Before you turn this problem in, make sure everything runs as expected. First, **restart the kernel** (in the menubar, select Kernel$\rightarrow$Restart) and then **run all cells** (in the menubar, select Cell$\rightarrow$Run All). Check your output to make sure it all looks as you expected.

Make sure you fill in any place that says `YOUR CODE HERE` or "YOUR ANSWER HERE", as well as your name below:

In [1]:
NAME = "Bryan Tchakote"

---

**Here are some key points on how to use the notebook and submit your work.**
We will grade based on assuming you have read and understood them.
    
1. **Using the Notebook to Show Your Work**: You must learn to write code in the notebook... It is a core tool for data science and will make it easier to develop and document your work if you become good at using it. Writing your code in another tool and pasting it into the notebook will probably not work well (forgetting to include code elsewhere, messing up the spacing, or code that don't run as copied). You must be sure your code cells execute because we will test them.  So learn how to run code in the notebook cells to double check your work.
2. **Read Directions Carefully**:  The instructions for your code are very important. If you don't follow the requirements, your application won't do as requested. Making it work correctly is part of learning to program.  If we worded something unclearly, ask the teacher.

The second set of issues are coding style:

1. **Indentation**: In Python, indentation matters and must be consistent. If you write your code in the Notebook, the **tab** key will indent properly.  If you use another editor and paste into the notebook, it might not be correctly indented (when you do write code in another editor, make sure you set your tabs to indent as 4 spaces, not as a tab character.)  You must make sure that your pasted code runs in the notebook or it will not get a good grade. Anyway, we recommend beginners to work in a Jupyter notebook for this course, whether it's this one or a draft file.
2. **Spacing**: Follow closely the spacing shown in the lessons. There should not be a space  between a function name and the parentheses with the arguments. As a programmer, style is very important. If you work with programmers in the future, they sometimes have "lint" checkers to test your code for style and reject if it doesn't follow the approprate spacing and blank-line-rules. Think of it as a matter of politness for other people reading your code \ (•◡•) /
3. **Names of Variables**: In Python, there's a culture of making everything readable. Don't use ``x`` and ``y`` as your variable names... use words like ``pounds`` and ``kilograms``. It will be easier for colleagues (and yourself) to understand the code later.
4. **Error Messages**: Please use informative error messages that tell the user what they did wrong and what kind of input you expect. Imagine you are designing the user experience! Think about how to help your user. And remember **you** are the user when you debug!
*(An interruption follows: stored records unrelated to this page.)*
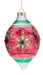 Red and green snowflake glass ornament assortment. The ornaments are made of red translucent glass with gold glitter and sequin snowflakes all around. There is a green sequin in the center of each snowflake and a green painted ring around the top and bottom. Comes in two shapes: a round shape and olive shape. Comes with a gold cap and loop for hanging.
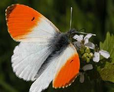 Løgkarse til venstre og til højre en Aurora sommerfugl siddende på en Løgkarseplante (tak til Bo Mossberg: Den nye Nordiske Flora 1992, og til Wikipedia)
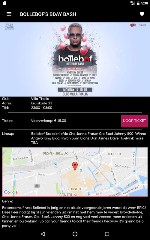 At a glance you can see which parties, concerts, bars, and clubs are nearby.
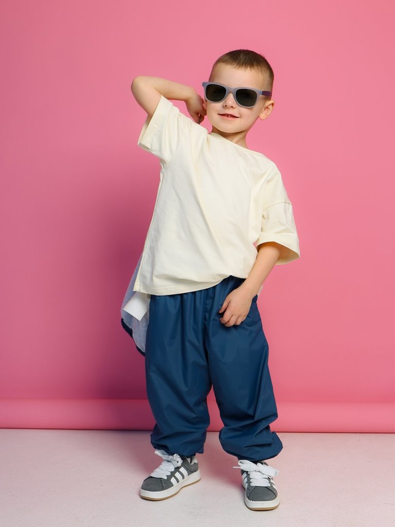 Брюки из курточной ткани свободного кроя. Пояс на резинке с кулисой и утяжкой. Манжеты на мягкой резинке. Карманы в боковых швах. ПРИМЕРНЫЙ температурный режим от +15°С.
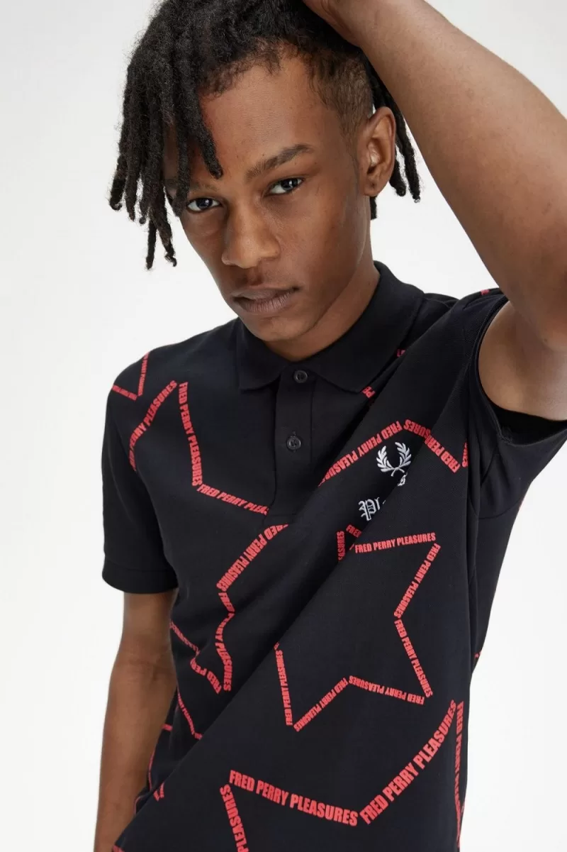 U.S. lifestyle brand Pleasures put their stamp on the Fred Perry shirt, inspired by the Los Angeles punk scene. Made in our signature fit and cotton pique, with graphic star print and dual branding embroidery at the chest.
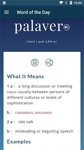 当您查找一个新单词时,您不仅仅是在单独学习该单词。Merriam-Webster通过添加同义词和反义词将您带到下一个层次。因此,您总是会很高兴收到更多与您感兴趣的问题相关的词汇。从这里开始,您的词汇变得越来越多样化和有价值。更具体地说,如果您的移动设备未连接到互联网,您仍然可以查看它们,因为它始终在字典中可用。

We will take points off for issues of non-standard spacing, indentation, bad error messages, and bad variable names in the future.  This will continue for the entire course.

There are multiple ways to code all the answers.  Here are a few more code style tips:

1. If you do a calculation or a transformation, like ``float(pounds)`` -- do it once and save it as a variable, don't do it multiple times.  You should try not to have code that repeats itself too much.  If you repeat things, you can make mistakes like typos and it will be harder to find them. Also, it's wasting computer power.
2. Tests like "4 < test < 40" need to be saved in a variable or used in a ``if`` statement.  It won't do anything relevant otherwise.
3. ``try``/``except`` should be used to catch errors. (In fancier, more formal Python, there is more careful error catching where the type of error is detected and handled. We're just doing the basic try/except right now.) Anytime you have a conversion or something that could result in an error, you should wrap it in try/except. Do not allow a user to run code that results in an un-handled error.

---

# Notebook 3, Homework

**Reminder: Do not use `exit()` in a notebook.  Use `return` to exit a  function.**

This homework includes list comprehensions, which are a very common pattern in Python code.  They can be schematically described as being of the form `[something(x) for x in list]`, which returns a new list with the function `something` applied to each member `x` in the list (or other iterable, such as a tuple).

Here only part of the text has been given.